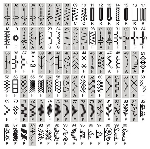 100 šicích programů: stehy základní, elastické (strečové), overlockové a plastické vyšívací, speciální stehy pro quiltování a patchwork a mnoho dalších stehů.
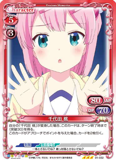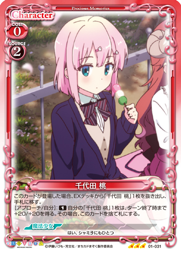 | このカードが登場した場合、EXデッキから「千代田 桃」1枚を抜き出し、手札に移す。[アプローチ/自分]:《1》自分の「千代田 桃」1枚は、ターン終了時まで+20/+20を得る。その場合、このカードを捨て札にする。 | ||
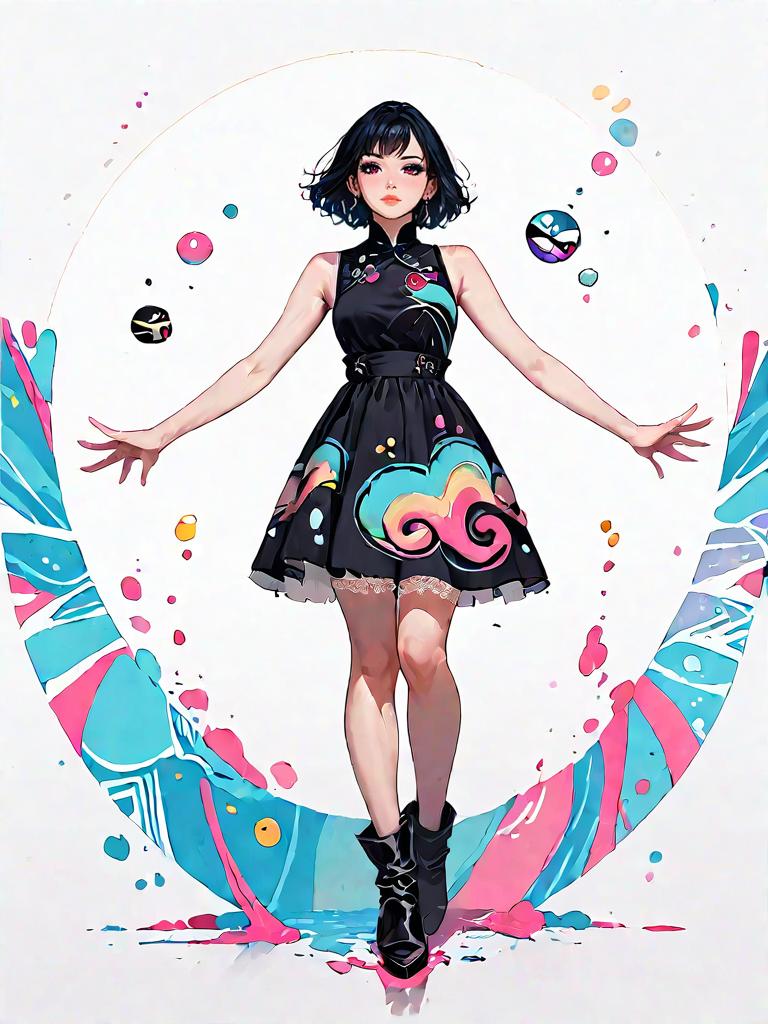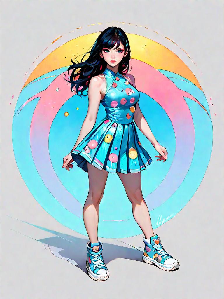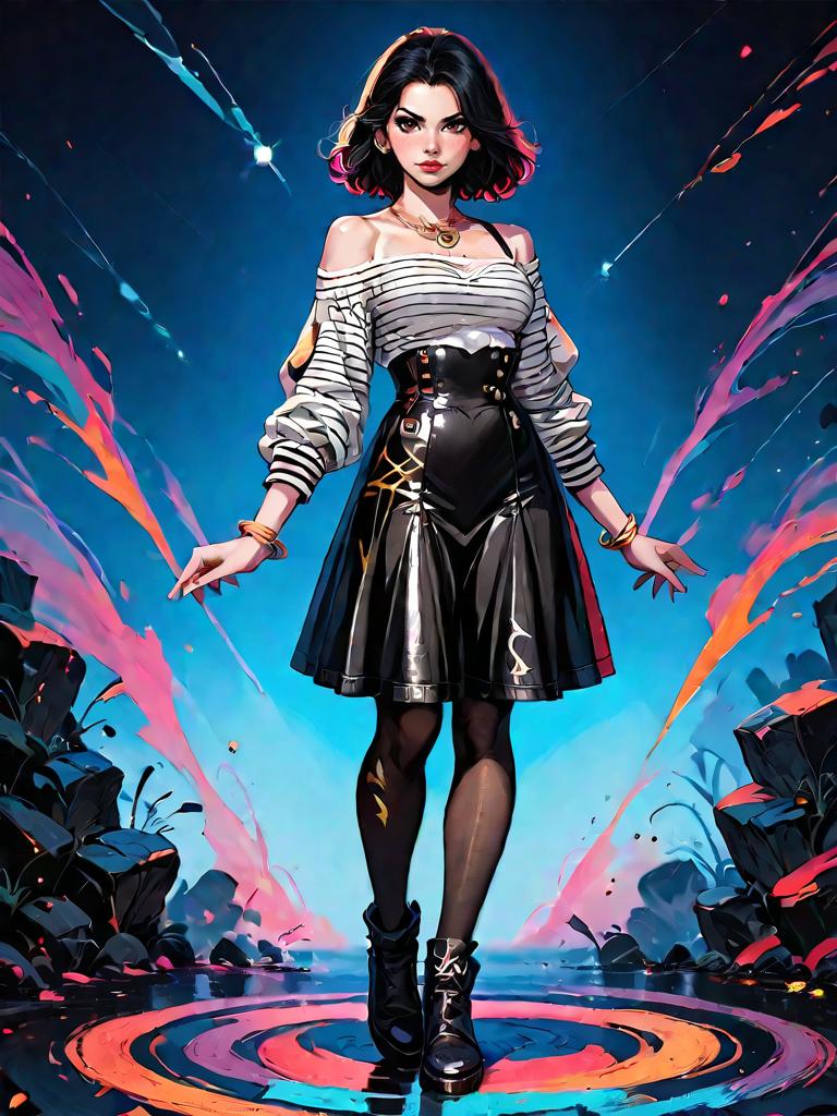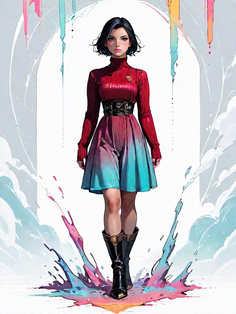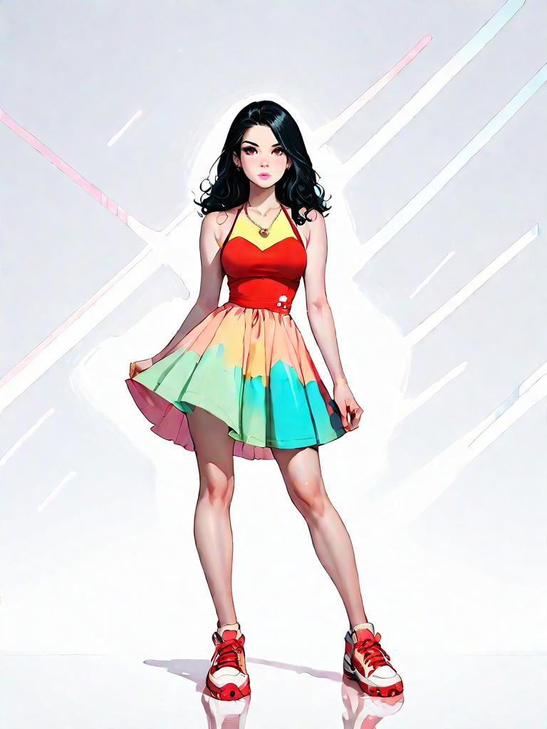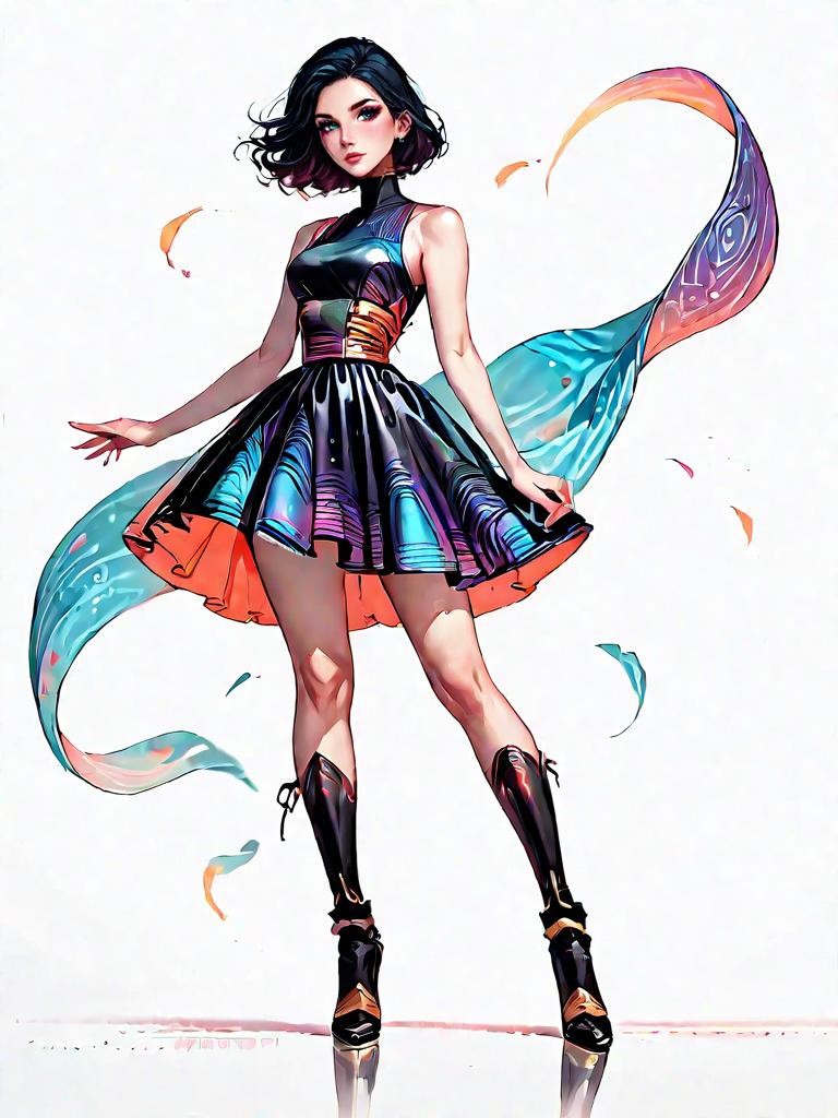 1girl, source_comics, realistic face, full body shot, Woman, glam, metallic finish sleeveless dress with plunge neckline, knee-length, black strappy heels.
==========
_PROBLEM DETAILS_
Starting with the line that contains "桃」1枚は、ターン終了時まで+20/+20を得る。その場合、このカードを捨て札にする。 | ||", copy every line word for word through the end of the listing above, but leave out the pictures.

_PROBLEM SOLUTION_
 | このカードが登場した場合、EXデッキから「千代田 桃」1枚を抜き出し、手札に移す。[アプローチ/自分]:《1》自分の「千代田 桃」1枚は、ターン終了時まで+20/+20を得る。その場合、このカードを捨て札にする。 | ||
 1girl, source_comics, realistic face, full body shot, Woman, glam, metallic finish sleeveless dress with plunge neckline, knee-length, black strappy heels.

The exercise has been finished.